"So please, oh PLEASE, we beg, we pray, Go throw your TV set away, And in its place you can install, A lovely bookshelf on the wall." — Roald Dahl, Charlie and the Chocolate Factory. With all of the technology we have today, I think that many children forget about books. Turn off the TV and read! Reading can take children on a much greater adventure!
Monday, April 25, 2011
Literature Book Club #3- Poetry
Title: Blue Lipstick: Concrete Poems
Author: John Grandits
About the Author: Grandits lives in Red Bank, New Jersey. He is an award winning book and magazine designer. He is a poet, typographer, art director, designer, & writer. He’s written cartoons, articles, humor pieces, fiction and non-fiction for children and adults. He has also art directed adult trade and children’s textbooks. For a short time he was owner and publisher of Film and Video News magazine. He has written and designed books, book jackets & covers, brochures, advertisements, periodicals, record jackets, corporate logos (although he hated doing it), posters and, of course, poems.
Age Level: Young Adult
Synopsis: A 15-year-old girl named Jessie voices typical—and not so typical—teenage concerns in this unique, hilarious collection of poems. Her musings about trying out new makeup and hairstyles, playing volleyball and cello, and dealing with her annoying younger brother are never boring or predictable. Who else do you know who designs her own clothes and writes poetry to her cat? Jessie’s a girl with strong opinions, and she isn’t shy about sharing them. Her funny, sarcastic take on high school life is revealed through concrete poetry: words, ideas, type, and design that combine to make pictures and patterns. The poems are inventive, irreverent, irresistible, and full of surprises—just like Jessie—and the playful layout and ingenious graphics extend the wry humor.
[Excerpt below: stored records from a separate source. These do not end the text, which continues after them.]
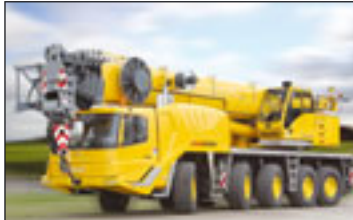
Weiterer Fünffachser von Grove, der GMK 5095
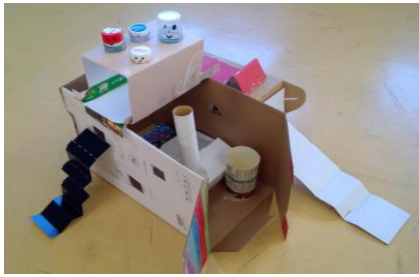
「滑り台のあるお家」 2年生児童
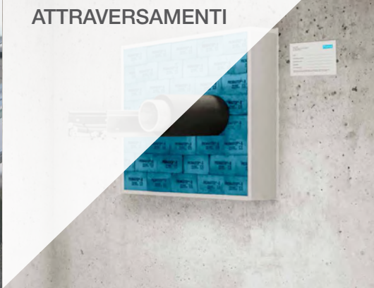
BARRIERE PASSIVE TAGLIAFIAMMA PER ATTRAVERSAMENTI
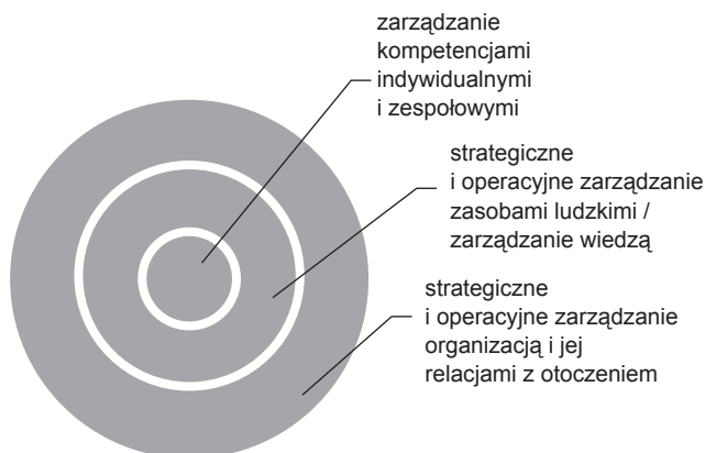
Rys. 1. Wzajemne relacje strategicznego zarządzania organizacją, zarządzania wiedzą i zasobami ludzkimi oraz zarządzania kompetencjami

Theme(s): poetry, shape poems, concrete poems, visual poetry
How it can be used in the elementary classroom: This would be a great book for a poetry unit. The teacher can teach students how to create concrete poems. Concrete poems are words, ideas, type, and design that combine to make pictures and patterns. It could really allow your students to be artistic and creative in writing their poems. Blue Lipstick can be read as a class and then the students can experiment writing their own concrete poems. The whole class could write and illustrate their poems and compile a book and each student could have a copy.